The episode was to feature a gag during the sequence wherein Stewie seduces Connie D’Amico at “Anal Point” wherein two men explicitly named as Matt and Trey bicker in a neighboring car whilst the latter performs anal sex on the former, in response to the South Park episode Cartoon Wars, which lampooned the Family writing staff, though this was cut from the final episode.

== Cultural references ==
The episode featured various references to the popular culture. In a scene, the Monopoly man is shown, from the board game Monopoly, in a prison that is reminiscent of The Shawshank Redemption. Brian and Stewie are watching the television drama, One Tree Hill. Singer and actor Will Smith is shown rapping positive and kid-friendly lyrics. When Peter has his mustache, he enters an Italian deli and assumes that he can speak Italian because of his mustache. Peter sings R.E.M.'s song "It's the End of the World as We Know It (And I Feel Fine)". Peter's paralysis is cured by stem cell experiments. Peter tries to find good comedy material for Robin Williams.

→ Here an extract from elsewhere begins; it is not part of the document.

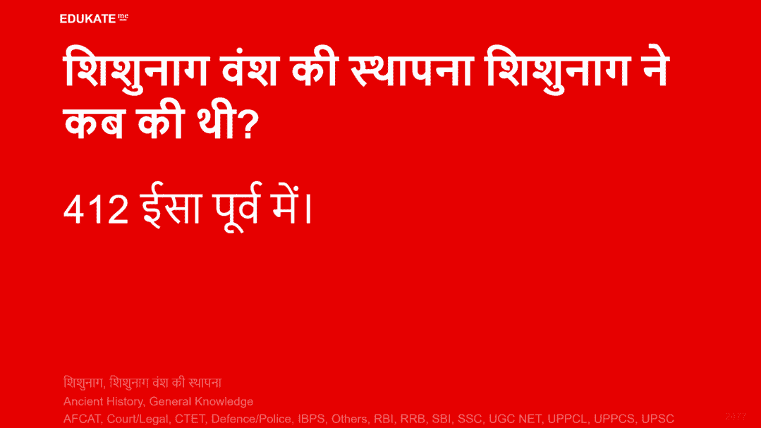 शिशुनाग वंश की स्थापना शिशुनाग ने कब की थी?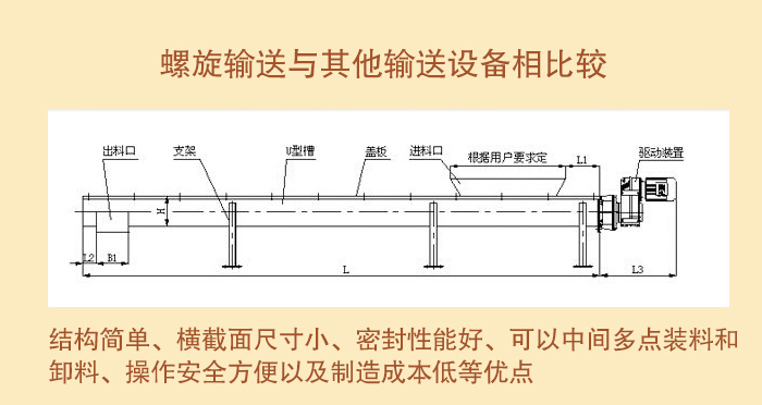 (3)螺旋輸送與其他輸送設(shè)備相比較,具有結(jié)構(gòu)簡(jiǎn)單、橫截面尺寸小、密封性能好、可以中間多點(diǎn)裝料和卸料、操作安全方便以及制造成本低等優(yōu)點(diǎn)。它的缺點(diǎn)是機(jī)件磨損較嚴(yán)重、輸送量較低、消耗功率大以及物料在運(yùn)輸過程易被破碎。

McBurgertown is a parody of worldwide fast-food company McDonald's and similar fast-food multinational chains. The slaughterhouse is referred to as "Dacow" which is a reference to the concentration camp of Dachau. Bob Dylan's song "Hurricane" is played in the episode. There is a musical chase sequence through multiple doors and a hallway, inspired by late 1960s Saturday morning cartoons like The Archies and Scooby-Doo, backed by the 1967 song "Pleasant Valley Sunday" by The Monkees. J. Wellington Wimpy (from the comic strip Popeye) makes a cameo appearance (as an in-gag to both his drooping facial features and affinity for hamburgers).

== Critical reception ==
The episode received mixed reviews. Ahsan Haque of IGN praised the episode, saying that it "turns out to be much more entertaining than one would expect" and grading it 8.8 out of 10. Robert Pierson from the TV Critic gave the episode a mixed review, he stated that "the jokes are pretty good, and although the stories are badly written, they are not overly annoying", he ended his review by giving the episode a 46 out of 100.

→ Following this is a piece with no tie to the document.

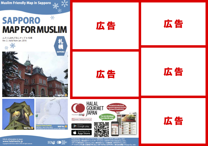 Peta kami memuat lokasi restoran Halal bagi wisatawan Muslim dan ruang shalat. Saat ini, Halal Media Japan telah menerbitkan peta dari tujuh kota di penjuru Jepang.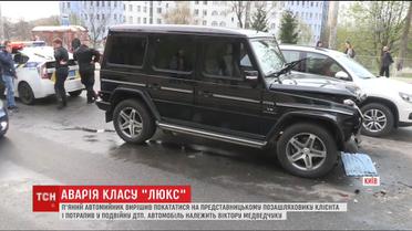 На перехресті водій позашляховика Mercedes-Benz представницького класу забув загальмувати і врізався в мікроавтобус, а той зачепив Lanos. Подейкують, що машину на автомийці залишила дружина Медведчук Оксана Марченко. Після цього нетверезий працівник автомийки вирішив покататися на чужому авто.

In contrast, Brad Trechak of TV Squad wrote that there were "hints of really good ideas in the episode but those were superseded by some hack writing and poorly executed material" and blamed the WGA strike for the episode's perceived poor quality. Genevieve Koski of The A.V. Club called the episode "very haphazard" and wrote that there were only "a couple of solid gags sprinkled throughout". She graded "McStroke" C−.

The Parents Television Council, a frequent critic of the show, condemned it as the "Worst TV Show of the Week" for January 25, 2008, their central point of criticism concerned the subplot involving Stewie and Connie D'Amico.

Tom Eames of entertainment website Digital Spy placed the episode at number eleven on his listing of the best Family Guy episodes in order of "yukyukyuks" and noted that the show "somehow made strokes funny". He described the episode as "A farce of an episode, but in a good way."